# Another CEL Thread: P24AE



## diesel (Jun 8, 2013)

LulzT1 said:


> Almost made it 6k miles trouble free since the last CEL. This would be like 7 or 8th issue since I bought the car new last year. Currently 24,8xx miles, should've ditched it but I love the car lol. I'll have to check my papers, but I think this is the second time I've had this one. Last time they replaced the DPF filter and the service writer called and said they were doing it again. Only found 1 thread related to this code with a sensor replacement. Only thing I noticed is my regen cycles have been between 85 to 450 miles, but that could be normal since I haven't been tracking them that long.
> 
> Anyone else have their DPF filter replaced? Is there a break in for it?

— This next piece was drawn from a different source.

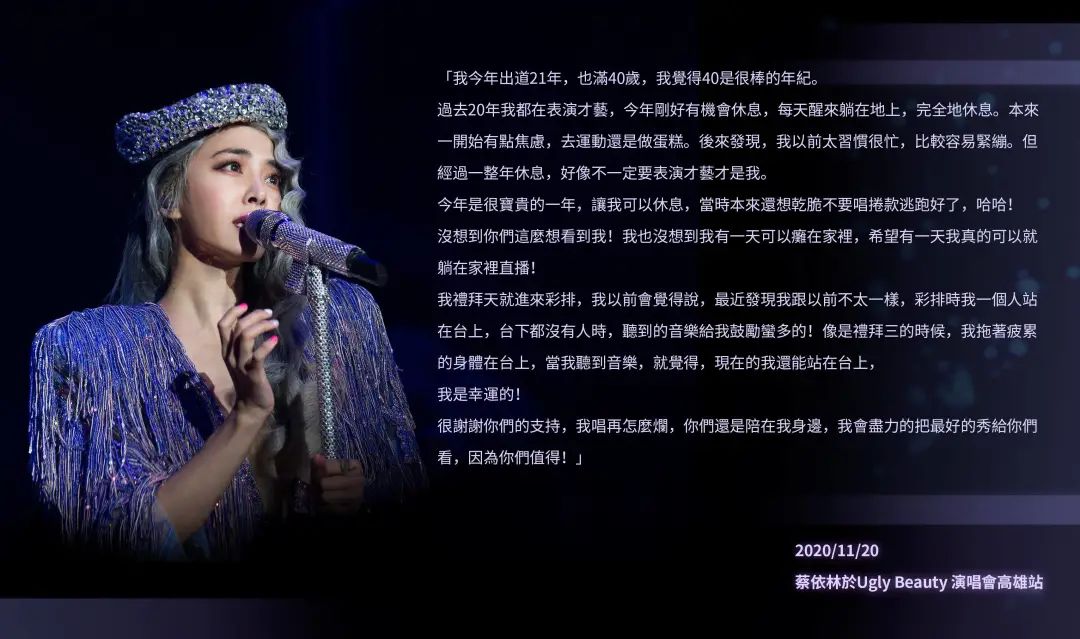十天前的Ugly Beauty演唱会,蔡依林讲了那段几乎所有粉丝听完都很感触的话:“我今年出道21年,也满40岁,我觉得40是很棒的年纪。

I am on my original DPF at 146K miles. Still working fine and getting 800-1000 miles per regen. I've had a couple "DPF Full" issues related to the 30 second window I posted elsewhere. Since I figured that out, I have been able to prevent it from happening. Not aware of any break-in for the DPF.


----------



## LulzT1 (Aug 24, 2015)

Got the car back today, particulate sensor was replaced, not the filter like I was originally told. Tech stated sensor would not respond on scantool due to internal failure/ open circuit. Interesting note, SG reported P24AE, but the invoice states P24B4.


----------



## diesel (Jun 8, 2013)

Thanks for the update. Sounds like you had a flaky sensor and likely you will be fine from here on out. That does happen.


----------